The country’s supply of rice will likely be stable for the remainder of 2022, but the Federation of Free Farmers (FFF) urged the government to quickly implement measures to boost agricultural production and anticipate external factors that may affect food supply and prices in 2023.
In a message to the Inquirer, Raul Montemayor, national manager of FFF, said “we will end 2022 with still around 60 days’ supply,” referring to the national rice buffer stock, which amounts to around two million metric tons every year.
Under the rice tariffication law, the national rice buffer stock can only be bought from local farmers, but under the Duterte administration, the National Food Administration was allocated only enough funds for 300,000 MT, good only for a week.
Aside from the measly buffer stock, external factors, such as the depreciation of the peso, India’s imposition of a rice export tax to control inflation and increased demand from other countries, may also affect the country’s rice stocks.
Montemayor’s brother, former Agriculture Secretary Leonardo Montemayor, who is FFF chair, conceded that there is usually a carryover stock that lasts until just before the March harvest.
The Department of Agriculture said earlier that the prices of food items, specifically rice and vegetables, might jack up by 15 to 20 percent as the rice-producing region of Central Luzon was hit hard by Supertyphoon “Karding” (See related story on Page A6).
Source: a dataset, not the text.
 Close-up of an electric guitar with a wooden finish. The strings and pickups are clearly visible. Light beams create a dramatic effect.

It affected the livelihood of 103,552 farmers and fishers in the regions of Cordillera, Ilocos, Cagayan Valley, Central Luzon, Calabarzon, Bicol and Western Visayas.
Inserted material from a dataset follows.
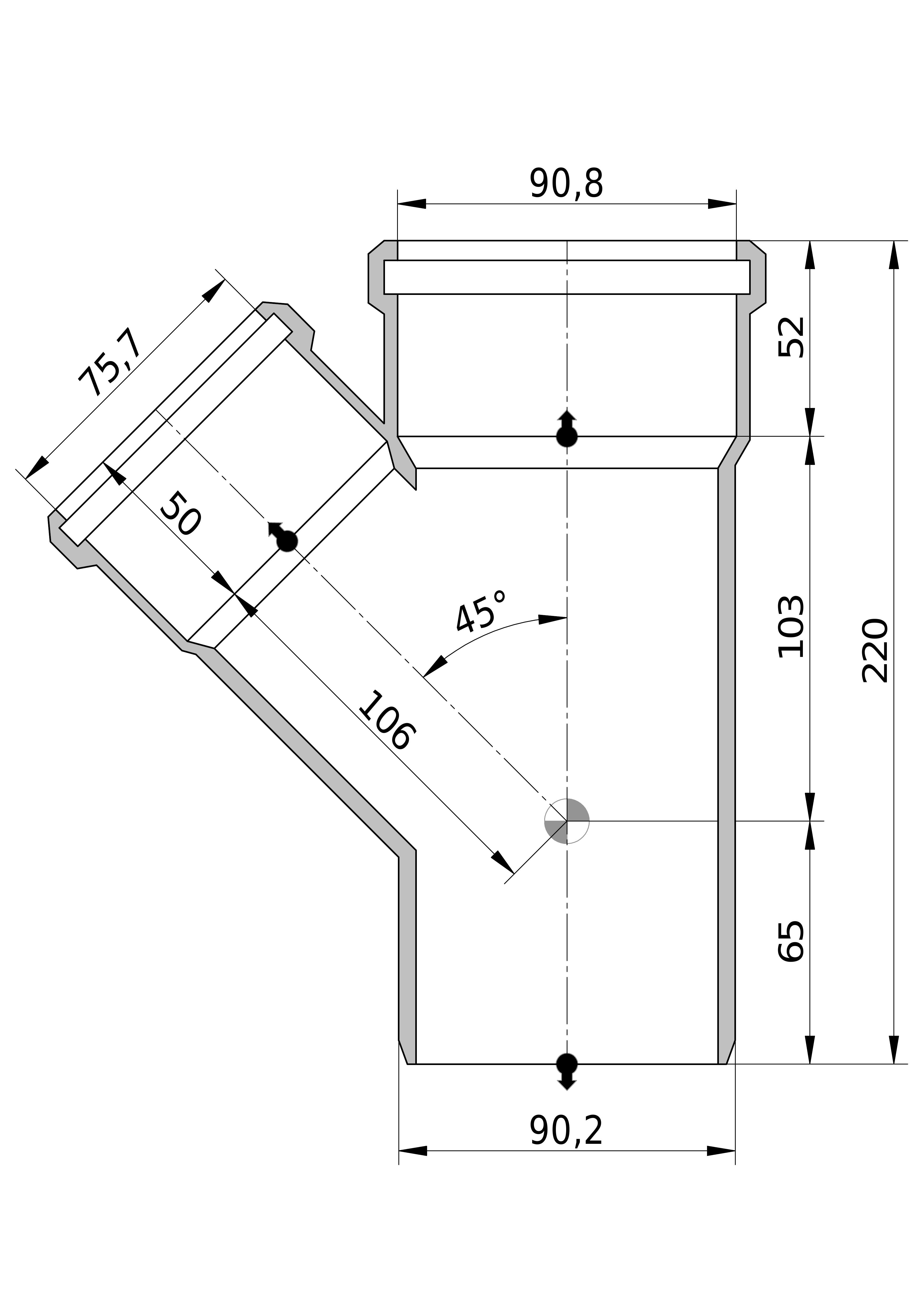 - Uitwendige buisdiameter aansluiting 2: 75 mm

With the typhoon’s damage to the essential agriculture sector nearing the P3 billion mark, FFF national president Dioscoro Granada asked the government to expedite the release of financial assistance to affected agricultural producers.
The FFF estimated that around P7.7 billion from excess rice tariff collections in 2020 have been made available as income subsidies for last year alone under the Rice Farmers Financial Assistance Program.
Of which, the Development Bank of the Philippines has met its distribution target of about P5.6 billion for approximately 1 million farmers.
“In contrast, the Land Bank [of the Philippines] has rolled out a mere 5 percent of its P2.1 billion allocation for its assigned 400,000 farmers,” Granada said.
Anacleto Mejares, secretary general of FFF, also pressed the Marcos administration to eliminate the “kinks” in the ongoing distribution of P500 million worth of fuel subsidies for 69,000 fishers and 69,000 corn farmers nationwide.